Flynn ran a thumb along the waxed deck, reading it the way another man might read a weapon. Every nick and scratch had a story. The twin fins had been sanded down by his own hands, and he’d glassed the nose after a reef bite off La Jolla. He’d tuned it until it matched him, restless, lean, tuned for risk.
He studied the water like he was built of sea and foam. He could read swell angles by eye, tell how far off the wind line had shifted, feel a rip start building under his legs before it ever pulled. The Pacific was the only thing that made sense to him because it obeyed rules even when it looked wild. You respected the math, and you earned the magic.
A new swell was building, a perfect right-hander curling out of the deep, long and clean. He paddled hard, muscles moving with smooth and sure precision, the water hissing off his fingertips. The swell lifted beneath him, the board tilting, and then he was up, feet finding their place like instinct.
Balance came easier on water than it ever did on land. Riding a wave was simple compared to walking through the world. Micro-shifts in weight, a breath forward, a lean back, the board became an extension of him, his equilibrium tuned to the roar of the ocean. He didn’t think. He adjusted, reacted, felt the pulse of the sea as if it were part of him.
The wave rose and hollowed, a perfect barrel forming ahead. He dropped into it, knees bent low, shoulders cutting a clean line through the tunnel of green, the tube closing over him, green and translucent. For a heartbeat, he was pure motion, body and board suspended in light. His left hand skimmed the lip of the wave, reckless and reverent all at once, fingers slicing through tons of rushing water.

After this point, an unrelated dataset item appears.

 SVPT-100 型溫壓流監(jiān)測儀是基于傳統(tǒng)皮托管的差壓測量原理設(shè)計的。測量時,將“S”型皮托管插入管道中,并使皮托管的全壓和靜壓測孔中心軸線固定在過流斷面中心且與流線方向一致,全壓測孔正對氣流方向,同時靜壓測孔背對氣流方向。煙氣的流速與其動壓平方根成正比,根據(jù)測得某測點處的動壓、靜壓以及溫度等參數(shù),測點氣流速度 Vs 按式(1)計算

The curl shimmered under his touch, humming with power, wild and alive.
It was poetry, the kind that didn’t need words. A man and a force of nature, grace in defiance, control in surrender. For those few seconds, he was weightless, untouchable, part of something bigger than himself.

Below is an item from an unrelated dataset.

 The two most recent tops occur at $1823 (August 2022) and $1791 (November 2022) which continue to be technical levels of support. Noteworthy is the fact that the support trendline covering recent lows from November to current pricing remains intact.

The wave lifted him higher, sunlight breaking across the glassy curve. He crouched low, muscles flexing in rhythm with the surge, the board an extension of his will. The ocean roared around him, thunder in motion, and the sound filled him until there was no room left for thought.

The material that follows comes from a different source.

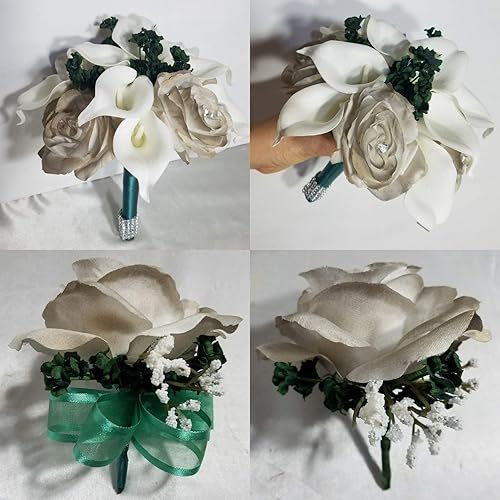 Amazon Com Champagne Hunter Green Rose Calla Lily Bridal Wedding

The storm he rode wasn’t locked inside him. It was in his chest. Out here, where the sea demanded everything and gave back grace in the same breath, he could meet it head-on. The grief, the rage, the hunger for something he couldn’t name, all moved through him like a current.
He ran his hand along the curling lip of the barrel, feeling the pulse of the wave under his palm. This was where he found peace, where control meant surrender and surrender meant survival. He was part of it, the sea and the fury inside him indistinguishable.
Far beyond the break, the horizon had already darkened. The wind had shifted. But he didn’t see it yet. The only storm that mattered was the one he’d finally learned how to ride.
He shot out of the curl and cut hard across the face, slicing into a graceful bottom turn before the wave collapsed behind him in a spray of white thunder. The ride left him breathless and grinning. He wiped salt from his eyes, laughing under his breath.
“Kowabunga, dude,” he muttered, turning the board back toward the horizon.
Out here, there were no ghosts. No expectations. Just him and the sea, and the rhythm that made sense when nothing else did.